The task
Beneath this line sits some data. Return only its lines from the one holding "Note: Board accepts" through the one holding "- Fräsanschlag mit", inclusive, exactly, with the images removed.

Data for the task
......
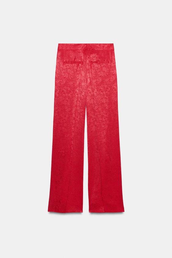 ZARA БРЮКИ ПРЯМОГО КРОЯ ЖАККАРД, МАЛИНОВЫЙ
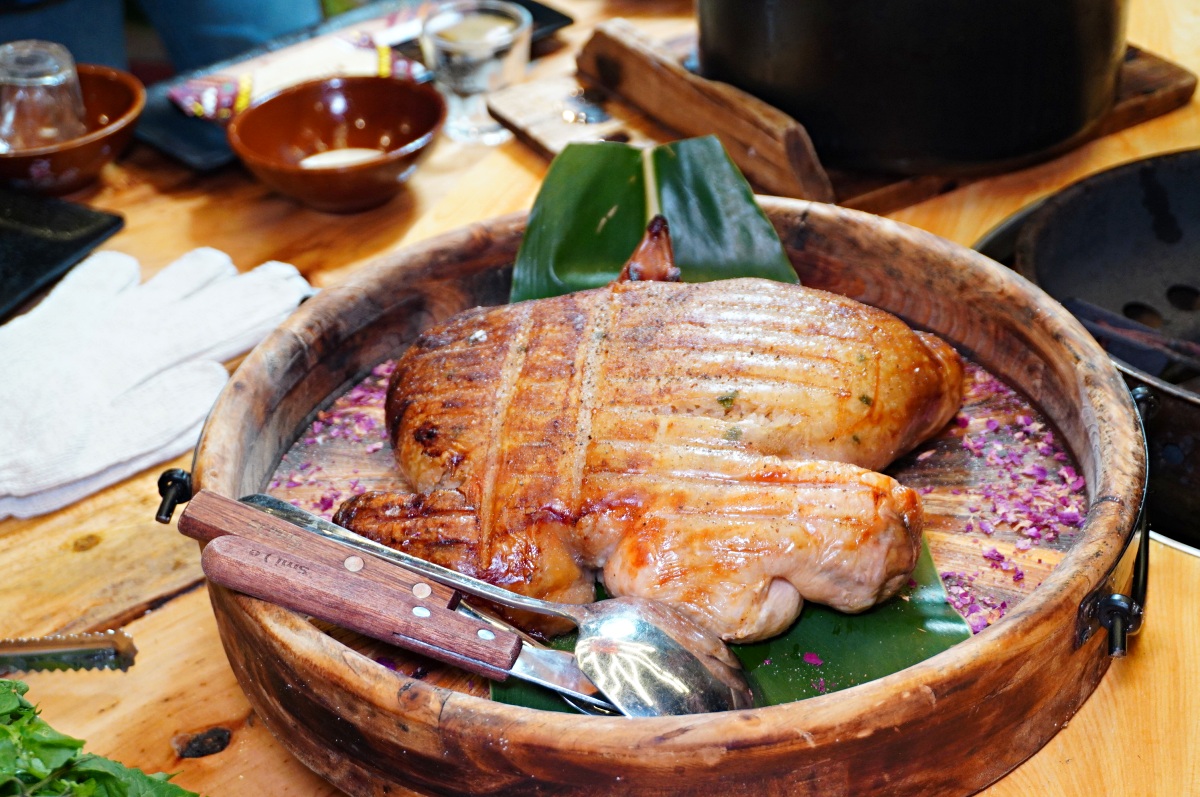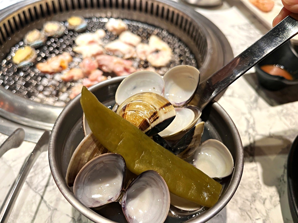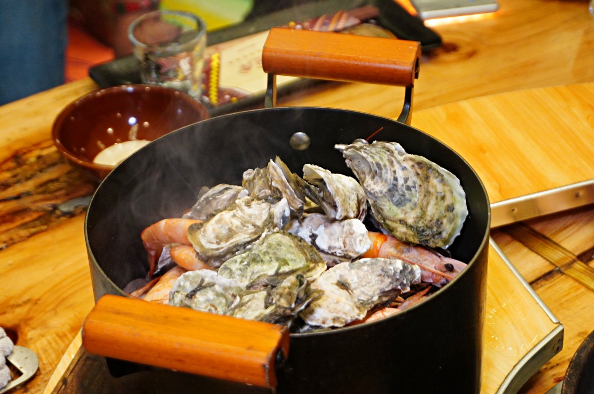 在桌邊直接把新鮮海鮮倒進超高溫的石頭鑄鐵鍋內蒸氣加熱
......
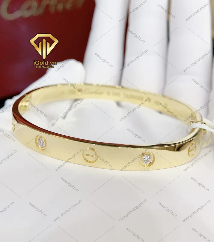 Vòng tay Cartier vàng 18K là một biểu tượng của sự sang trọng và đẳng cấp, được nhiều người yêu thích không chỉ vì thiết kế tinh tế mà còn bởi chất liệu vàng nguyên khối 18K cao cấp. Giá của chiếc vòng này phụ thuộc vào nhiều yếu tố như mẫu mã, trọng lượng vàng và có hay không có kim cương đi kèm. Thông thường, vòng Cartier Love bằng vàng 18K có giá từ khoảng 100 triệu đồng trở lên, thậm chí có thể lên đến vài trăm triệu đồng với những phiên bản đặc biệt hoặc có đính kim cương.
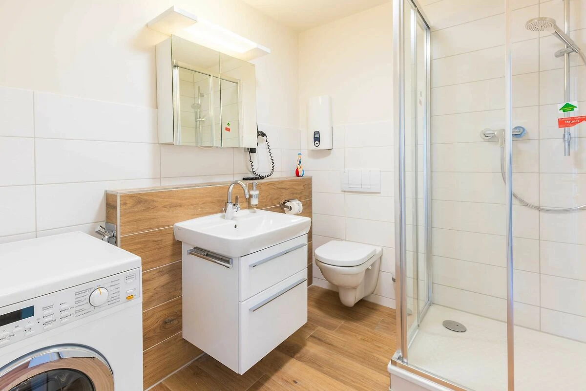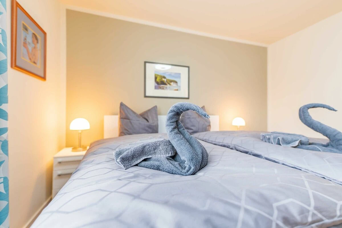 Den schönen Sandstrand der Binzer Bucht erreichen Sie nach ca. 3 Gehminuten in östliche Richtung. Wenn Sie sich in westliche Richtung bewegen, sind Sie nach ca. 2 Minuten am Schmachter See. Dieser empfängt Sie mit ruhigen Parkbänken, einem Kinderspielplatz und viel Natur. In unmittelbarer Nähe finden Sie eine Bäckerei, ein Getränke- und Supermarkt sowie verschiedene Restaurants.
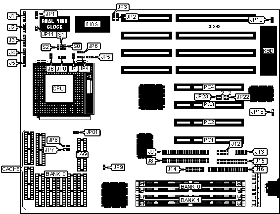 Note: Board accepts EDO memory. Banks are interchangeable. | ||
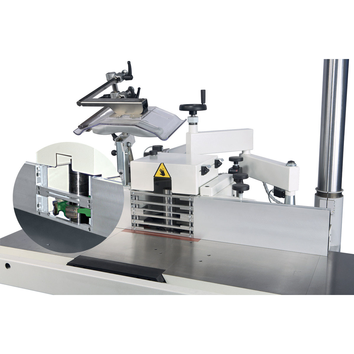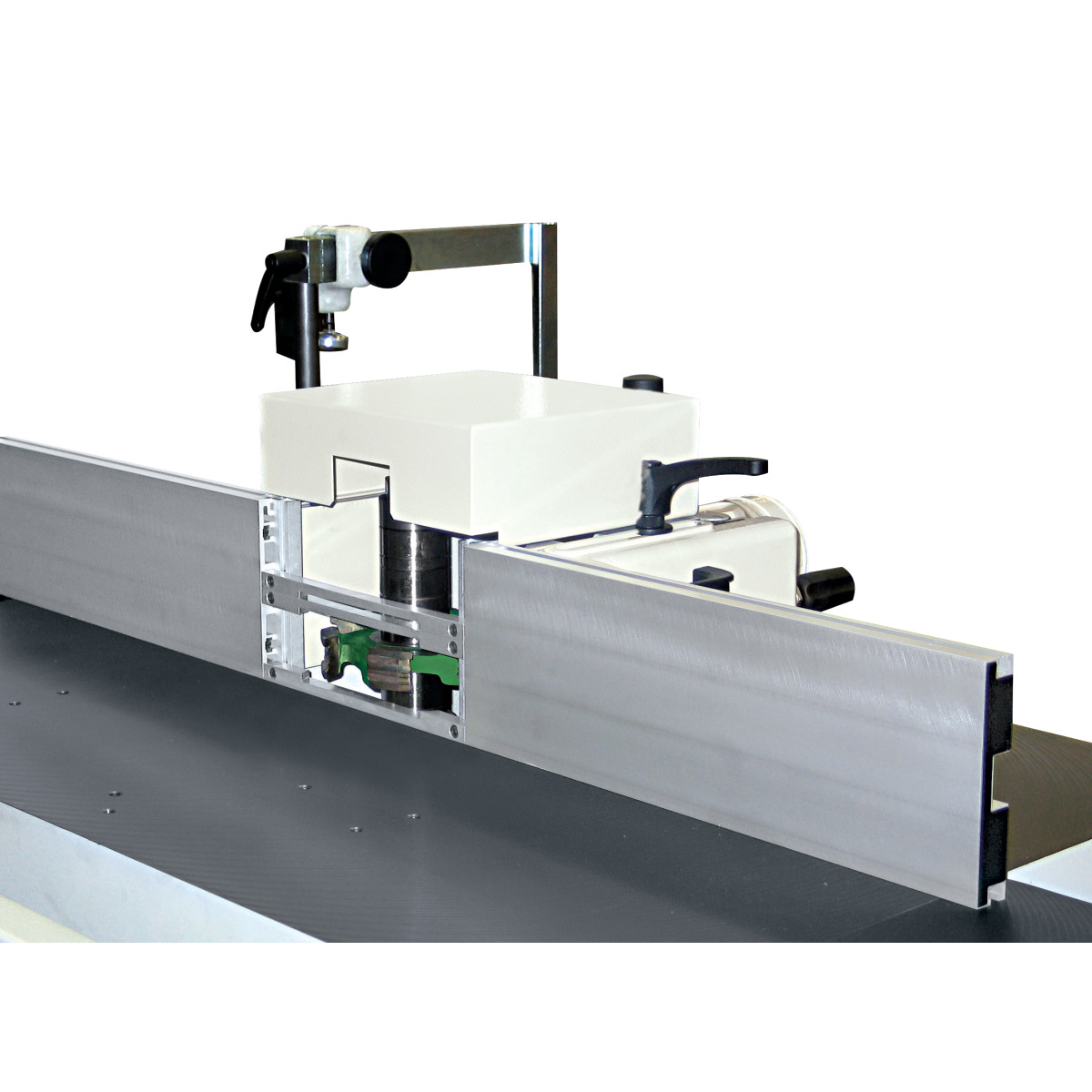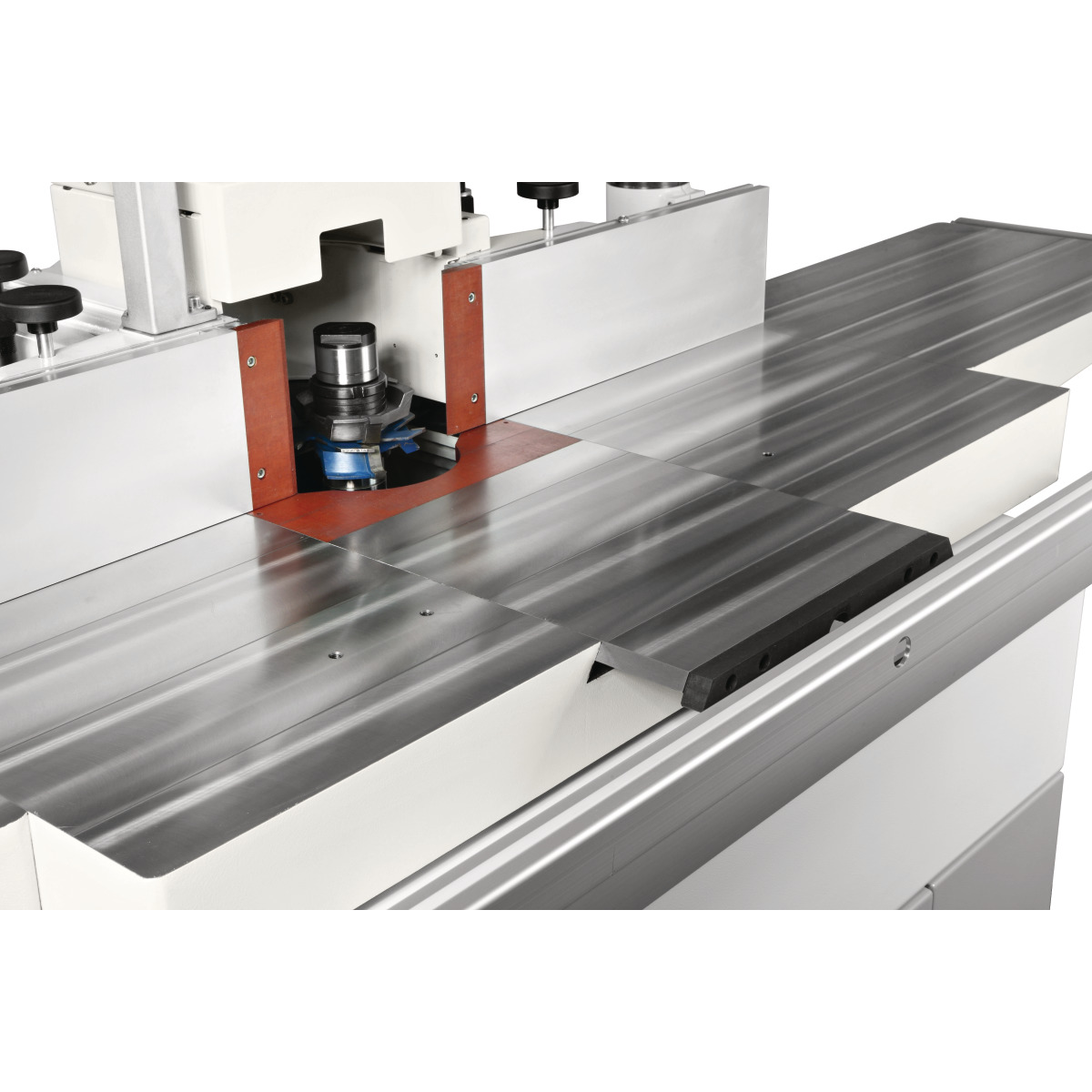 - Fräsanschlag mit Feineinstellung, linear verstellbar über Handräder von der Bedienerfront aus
......
Exercise solution
 Note: Board accepts EDO memory. Banks are interchangeable. | ||
 - Fräsanschlag mit Feineinstellung, linear verstellbar über Handräder von der Bedienerfront aus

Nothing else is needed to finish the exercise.